Ce n'est qu'une partie du nouveau dispositif tarifaire. Plus tôt en juillet, l'USTR a imposé un droit de douane distinct de 25 % sur certains produits du Brésil, à la suite d'une enquête au titre de l'article 301 sur le commerce numérique, les services de paiement électronique, les tarifs préférentiels, l'application de la lutte contre la corruption, la propriété intellectuelle, l'accès au marché de l'éthanol et la déforestation illégale.

Le 20 juillet, le président Donald Trump a utilisé l'article 338 de la loi tarifaire de 1930 pour imposer des droits de douane de 50 % sur les importations canadiennes couvertes, à compter du 19 août. Cette autorité vieille de près d'un siècle n'avait jamais été utilisée pour des droits de douane auparavant, ajoutant une incertitude juridique supplémentaire à un environnement commercial déjà fragile. La Maison-Blanche a également déclaré que ces droits s'appliqueront même si les marchandises sont admissibles en vertu de l'Accord États-Unis-Mexique-Canada (ACEUM).
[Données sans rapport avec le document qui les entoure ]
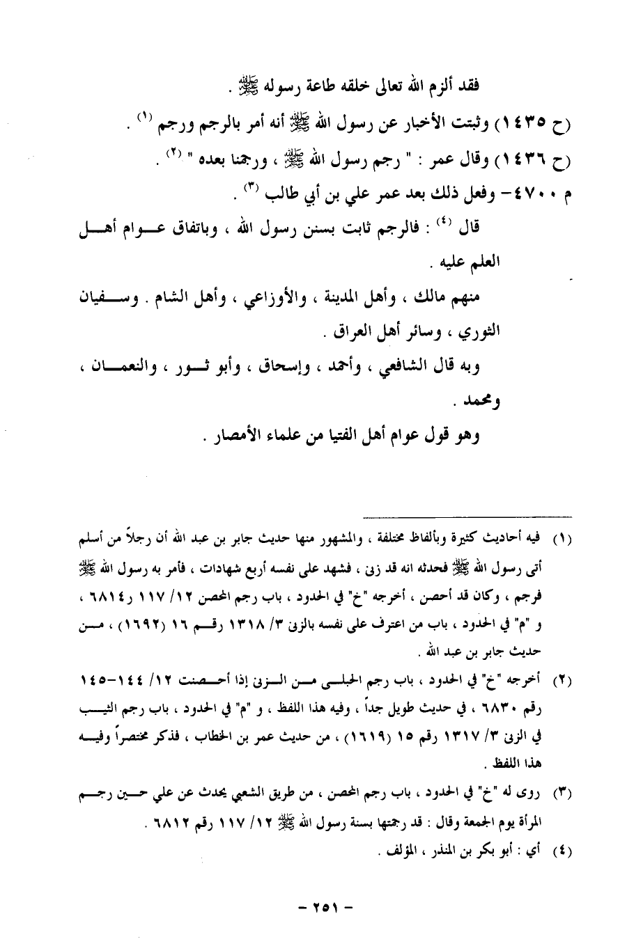 (ح 1435) وثبتت الأخبار عن رسول الله- صلى الله عليه وسلم - أنه أمر بالرجم ورجم.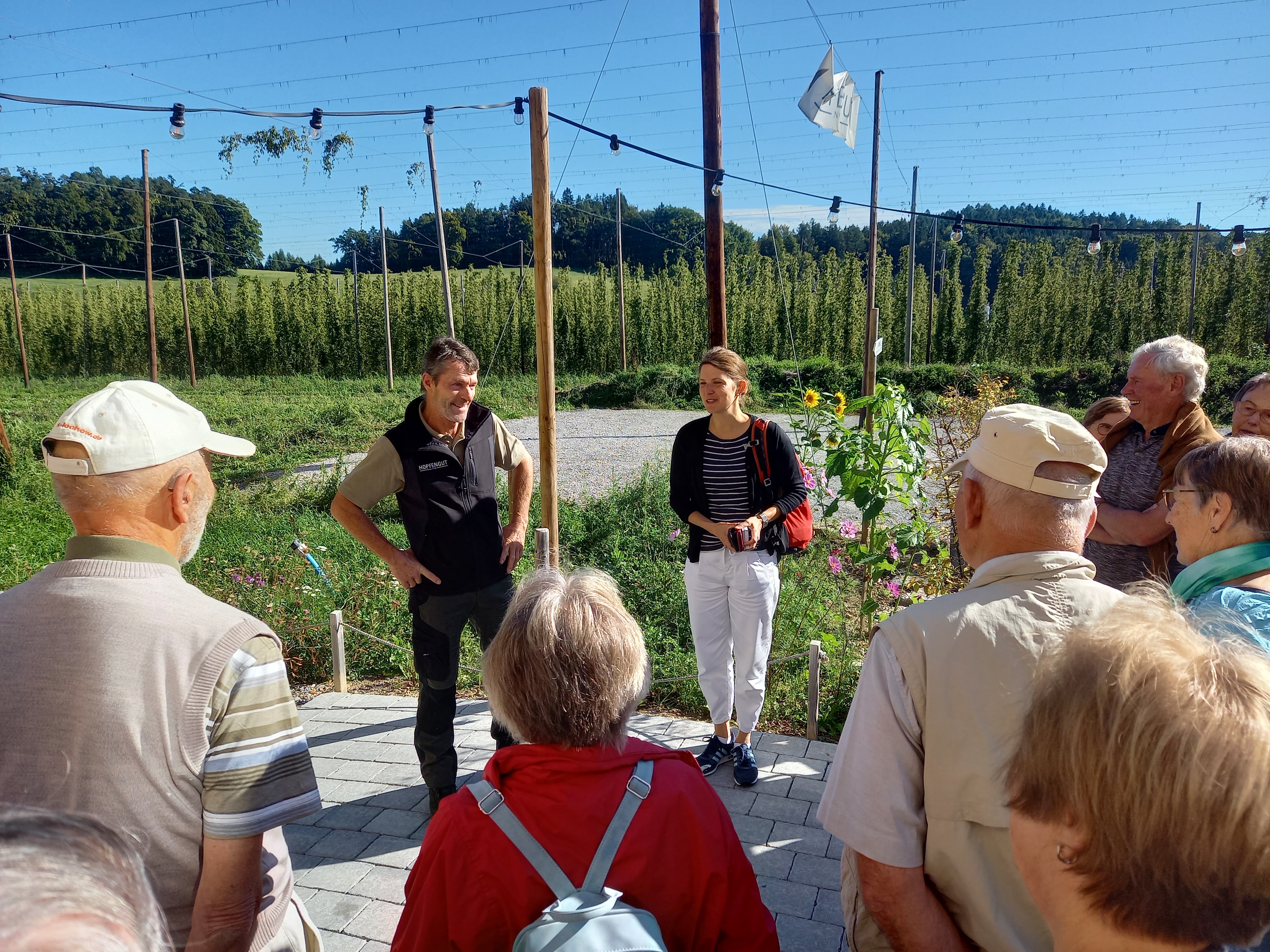 Bei herrlichem Wetter ging es tags darauf wieder Richtung Bodensee. In Tettnang war das Hopfengut No. 20 die erste Anlaufstation. Dort findet sich vom Hopfenanbau und -verkauf über die hauseigene Brauerei bis hin zu einem Gastronomiebetrieb alles unter einem Dach. Doch dann freuten sich alle auf die Fahrt auf den Pfänder bei Bregenz. Auf dem Berg herrschte Hochbetrieb und die Teilnehmer genossen die herrliche Fernsicht über den See bis zu den Alpen.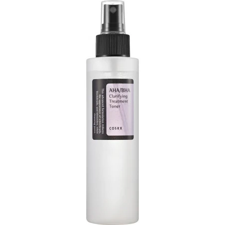 Το COSRX AHA / BHA Clarifying Treatment Toner είναι μία απολεπιστική τονωτική λοσιόν με AHA και BHA's. Τα BHA είναι λιποδιαλυτά. Λειτουργούν όχι μόνο επιφανειακά, αλλά διεισδύουν και καθαρίζουν τους βαθύτερους φραγμένους πόρους και περιποιούνται τις κηλίδες. Αυτός είναι ο λόγος για τον οποίο τα BHA προτιμώνται από άτομα με κανονικό έως λιπαρό δέρμα με φραγμένους πόρους.

Une autre enquête au titre de l'article 301 sur la surcapacité structurelle et la production dans les secteurs manufacturiers, couvrant 16 économies, est toujours en cours.
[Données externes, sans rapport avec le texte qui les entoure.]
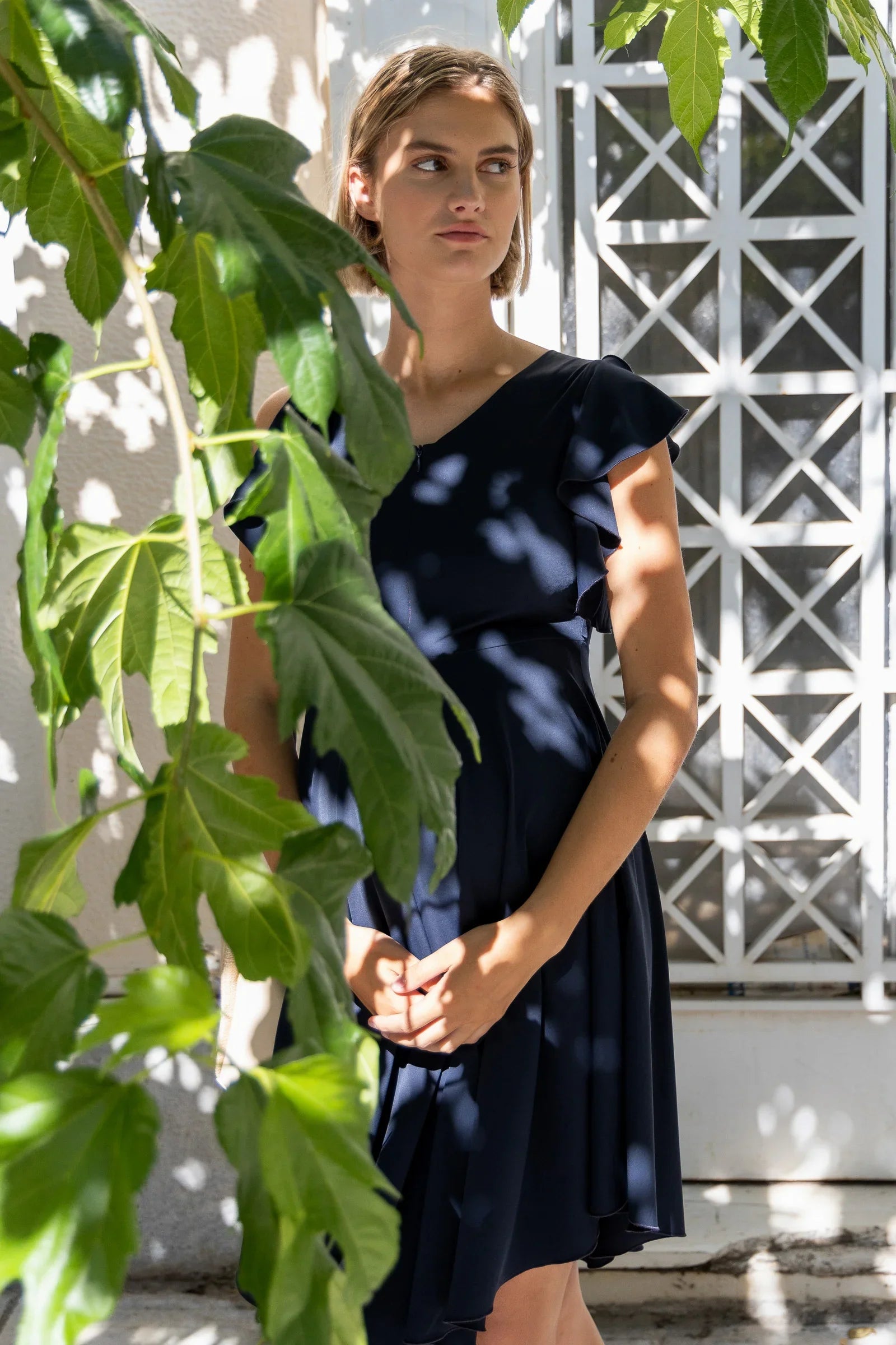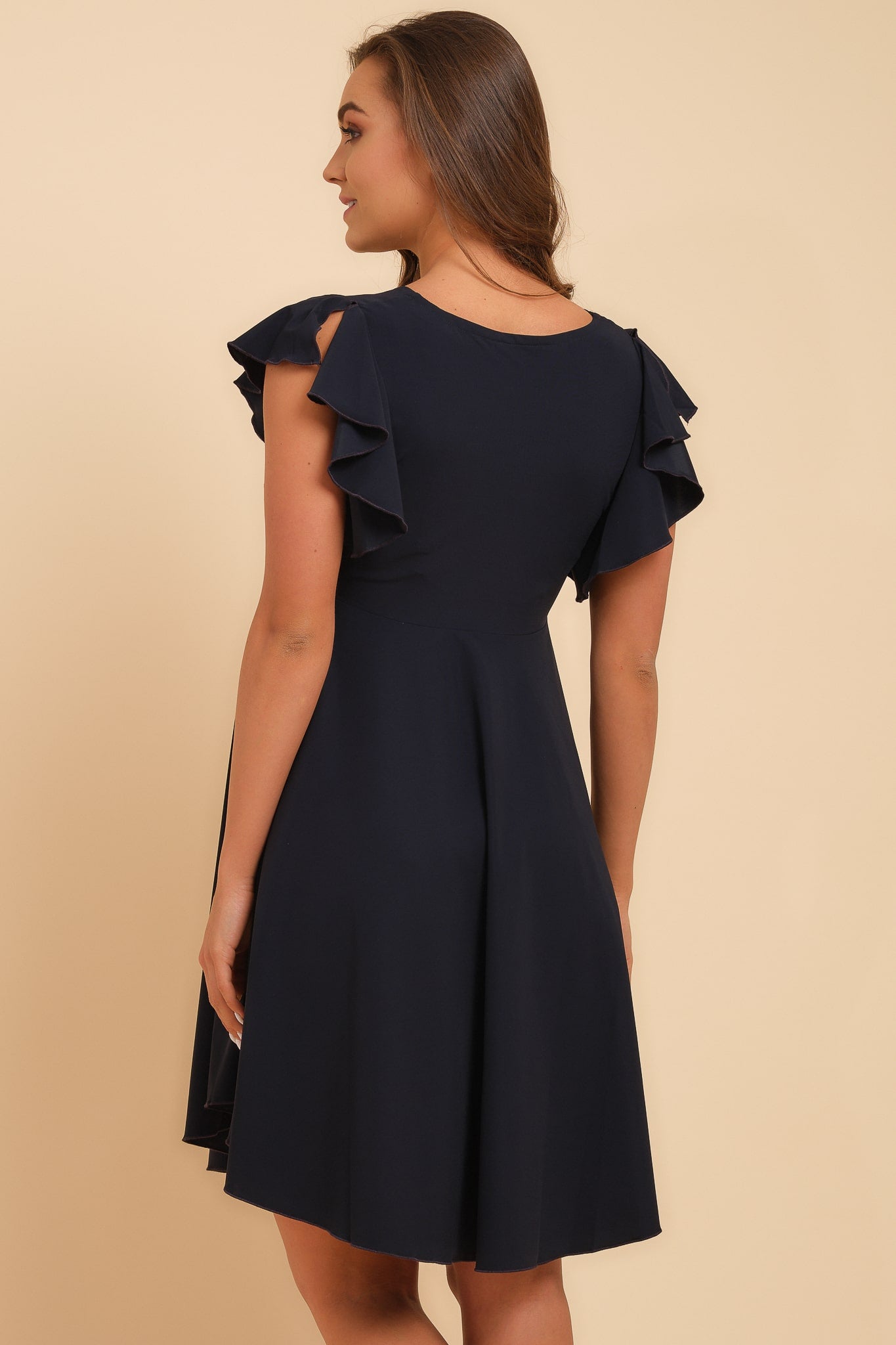 - Το φόρεμα έχει κατασκευαστεί από πολύ ελαστικό ύφασμα σε σκούρα μπλε απόχρωση

Pour la mode, ce n'est pas seulement un choc tarifaire—c'est un défi permanent en matière de conformité et d'approvisionnement. Les entreprises sont poussées à se diversifier loin de la Chine, à s'approvisionner plus près de chez elles, à renforcer la conformité en matière de travail forcé et à reconstruire leur résilience. En même temps, les pays qui pourraient aider à atteindre ces objectifs—comme le Brésil, le Canada, le Mexique, les fournisseurs de l'ACD-R, le Vietnam, l'Inde et d'autres—sont eux-mêmes confrontés à de nouvelles actions tarifaires ou à des menaces en ce sens.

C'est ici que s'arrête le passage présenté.